Review: ‘Man’s search for meaning’ by Viktor Frankl

Written by Moritz Schröder

Man’s search for meaning is a short book by Viktor E. Frankl, divided into two parts. The first part describes Frankl’s experiences and psychological observations in the concentration camp Auschwitz , where he lived for several years during world war 2. The second part descibes his own psychological school, which he calls logotherapy.

First part

Frankl, an austrian jew who worked as an psychologist in Vienna, was deported in 1942. His brother, mother and wife all died in concentration camps. Frankl himself survived under the most grueling living conditions and during his 3 years of imprisonment had to face hunger, sickness, cold, fear of death and exhausting physical work in different camps, including Auschwitz.

During this time he saw many of the other inmates die and started recocgnizing psychological patterns that could make the difference between life and death.

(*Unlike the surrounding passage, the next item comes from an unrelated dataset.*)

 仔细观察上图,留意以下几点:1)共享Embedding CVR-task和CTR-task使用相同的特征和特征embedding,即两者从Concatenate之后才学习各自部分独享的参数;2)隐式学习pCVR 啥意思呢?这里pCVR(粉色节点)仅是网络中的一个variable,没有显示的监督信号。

He noticed that people could endure the horrible daily camp life better if they told themselves that up until a certain point in the future, this would all have an end. They would hope that they would be freed by christmas, by the end of the year, until their birthday etc. And this gave them strength to surive to see that day. Should however this envisioned date pass without any hope that the war might end soon, Frankl noticed that people would fall into a depression and just give up.

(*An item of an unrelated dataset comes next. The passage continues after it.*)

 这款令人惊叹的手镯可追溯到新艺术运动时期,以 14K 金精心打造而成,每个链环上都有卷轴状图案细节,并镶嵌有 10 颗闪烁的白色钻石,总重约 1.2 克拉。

Once they were in that state, nothing could get them out of it. They would refuse to get up in the morning, no matter how much the guards threatened and kicked them. Instead, they would smoke their last cigarette and accept their fate. After this point, people usually died within 48 hours.

Frankl noticed that finding a meaning in his life, no matter how difficult it might be at that moment, is the most important thing that keeps people alive. He quotes Nietzsche who said “He who has a why to live can bear with almost how“.

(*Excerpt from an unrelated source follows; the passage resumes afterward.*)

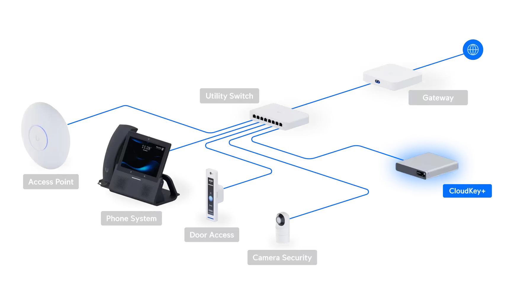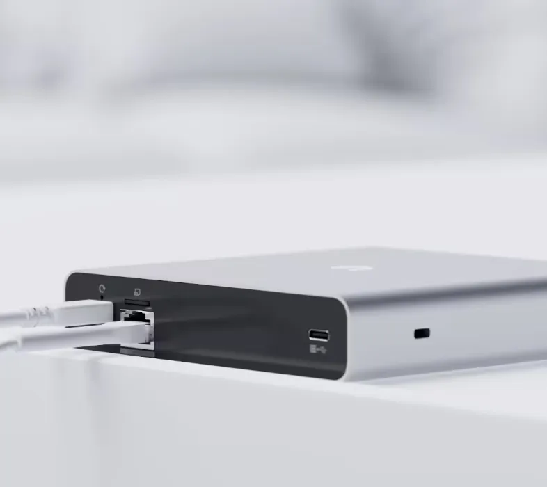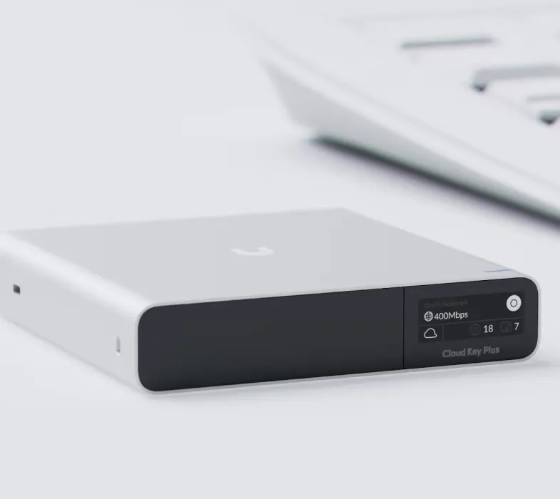 The UniFi CloudKey+ is a compact UniFi Console that connects directly to the Site Manager at unifi.ui.com, providing powerful, multi-application site management. It hosts the full UniFi application suite, including Network, Protect, Access, and Talk, enabling centralised control over your UniFi deployment.

Therefore Frankl tried to focus on the things he still wanted to accomplish after the war whenever he felt like giving up. He would think of the books he wanted to publish (he had a completed manuscript in his belongings that were taken from him when he arrived in Auschwitz); He started thinking of entire speeches while he was working in the freezing cold outside, with swollen legs and often without shoes. He began seeing his experiences from a kind of meta-state, as an observer, and pictured himself giving lectures about his camp life, while standing in a warm classroom full of students.

With this ‘trick’, Frankl managed to change his attitude towards everything he had to go through. He started seeing all these horrible experiences as a chance to grow as a person and as something that even would be ‘useful’ in his later life. He found a meaning for himself in all the cruelties he had to go through. This helped him to endure what made others lose faith. And in the end he turned out to be right, since without his time in Auschwitz, Man’s search for meaning would have never been written.

Second part

Around his concentration camp experiences, Viktor Frankl built a psychological school which he called ‘Logotherapy’. Logos is Greek for meaning and this is the key aspect of this psychotherapeutical approach.

It can be summarized in these three main principles:

  • Life has meaning under all circumstances, even the most miserable ones.
  • Our main motivation for living is our will to find meaning in life.
  • We have freedom to find meaning in what we do, and what we experience, or at least in the stand we take when faced with a situation of unchangeable suffering.

If our entire existence revolves around finding meaning to our lives, then the important question is: How do we find meaning?

Frankl names three different ways to find meaning:

  • by creating a work or doing a deed
  • by experiencing something or encountering someone
  • and by the attitude we take toward unavoidable suffering

He furthermore emphazises that “everything can be taken from a man but one thing: the last of the human freedoms – to choose one’s attitude in any given set of circumstances”.

This is a great thing to keep in mind from Man’s search for meaning: There might be horrible circumstances that we can do nothing about. We might experience unavoidable suffering. But we can always choose the attitude with which we face these circumstances and just by doing so, we can find meaning in what we have to go through.